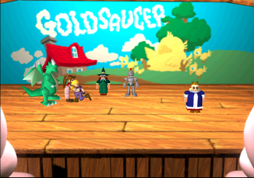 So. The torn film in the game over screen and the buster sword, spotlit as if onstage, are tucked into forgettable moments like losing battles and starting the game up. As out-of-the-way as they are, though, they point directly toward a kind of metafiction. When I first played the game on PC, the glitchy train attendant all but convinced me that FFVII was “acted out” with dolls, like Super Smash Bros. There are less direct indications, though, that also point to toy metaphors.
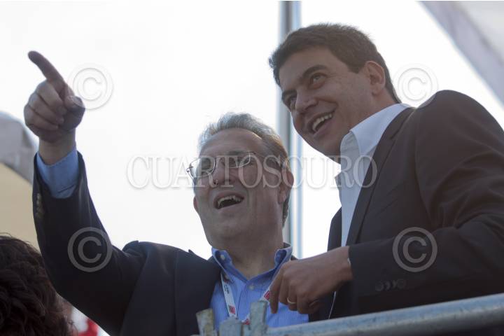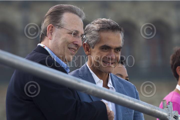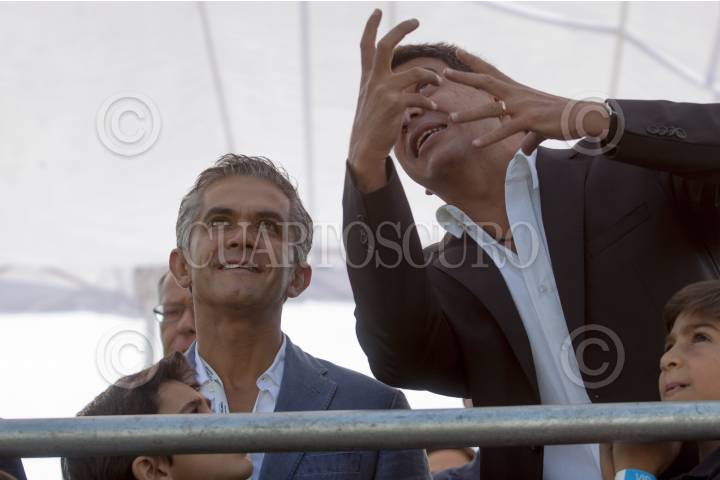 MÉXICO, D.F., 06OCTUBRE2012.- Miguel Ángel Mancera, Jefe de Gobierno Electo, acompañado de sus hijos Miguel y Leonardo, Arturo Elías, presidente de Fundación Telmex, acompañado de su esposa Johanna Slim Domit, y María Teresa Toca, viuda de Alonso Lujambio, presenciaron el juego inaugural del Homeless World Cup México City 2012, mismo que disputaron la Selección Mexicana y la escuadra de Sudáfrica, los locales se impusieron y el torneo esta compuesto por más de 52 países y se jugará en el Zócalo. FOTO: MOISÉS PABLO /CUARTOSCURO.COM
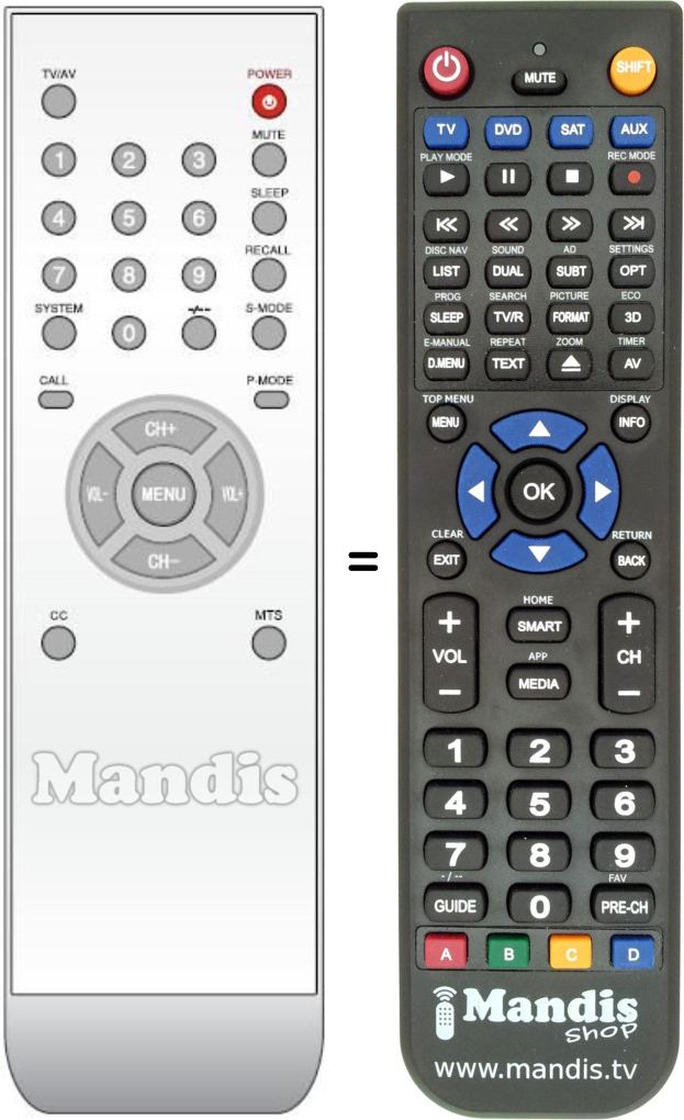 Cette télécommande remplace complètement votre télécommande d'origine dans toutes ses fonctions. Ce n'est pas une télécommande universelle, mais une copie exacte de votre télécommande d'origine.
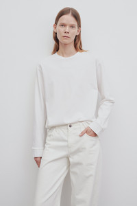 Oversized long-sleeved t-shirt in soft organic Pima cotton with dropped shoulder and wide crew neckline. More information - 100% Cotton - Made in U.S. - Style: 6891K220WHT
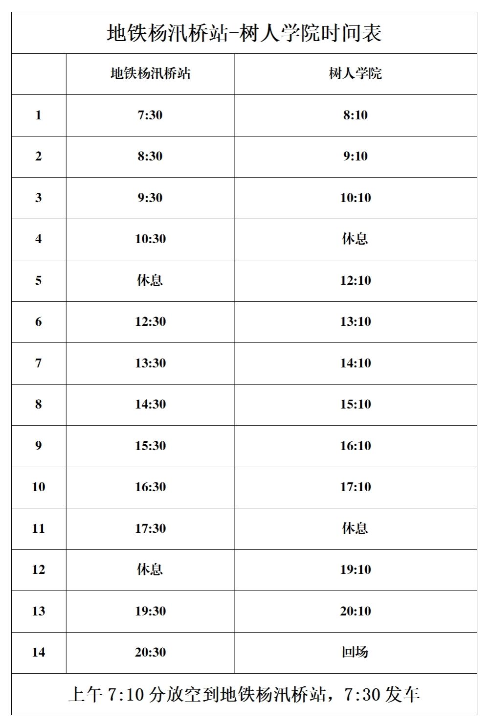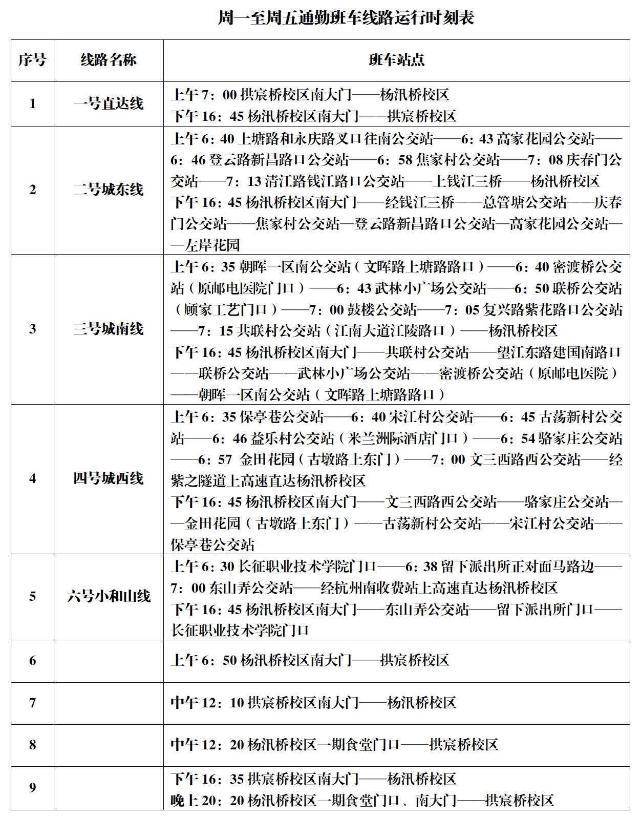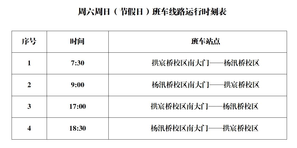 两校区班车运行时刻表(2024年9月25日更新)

___

[Task description]: Please, without any pictures, print each entry exactly.

[Solution to this exercise]:
 So. The torn film in the game over screen and the buster sword, spotlit as if onstage, are tucked into forgettable moments like losing battles and starting the game up. As out-of-the-way as they are, though, they point directly toward a kind of metafiction. When I first played the game on PC, the glitchy train attendant all but convinced me that FFVII was “acted out” with dolls, like Super Smash Bros. There are less direct indications, though, that also point to toy metaphors.
 MÉXICO, D.F., 06OCTUBRE2012.- Miguel Ángel Mancera, Jefe de Gobierno Electo, acompañado de sus hijos Miguel y Leonardo, Arturo Elías, presidente de Fundación Telmex, acompañado de su esposa Johanna Slim Domit, y María Teresa Toca, viuda de Alonso Lujambio, presenciaron el juego inaugural del Homeless World Cup México City 2012, mismo que disputaron la Selección Mexicana y la escuadra de Sudáfrica, los locales se impusieron y el torneo esta compuesto por más de 52 países y se jugará en el Zócalo. FOTO: MOISÉS PABLO /CUARTOSCURO.COM
 Cette télécommande remplace complètement votre télécommande d'origine dans toutes ses fonctions. Ce n'est pas une télécommande universelle, mais une copie exacte de votre télécommande d'origine.
 Oversized long-sleeved t-shirt in soft organic Pima cotton with dropped shoulder and wide crew neckline. More information - 100% Cotton - Made in U.S. - Style: 6891K220WHT
 两校区班车运行时刻表(2024年9月25日更新)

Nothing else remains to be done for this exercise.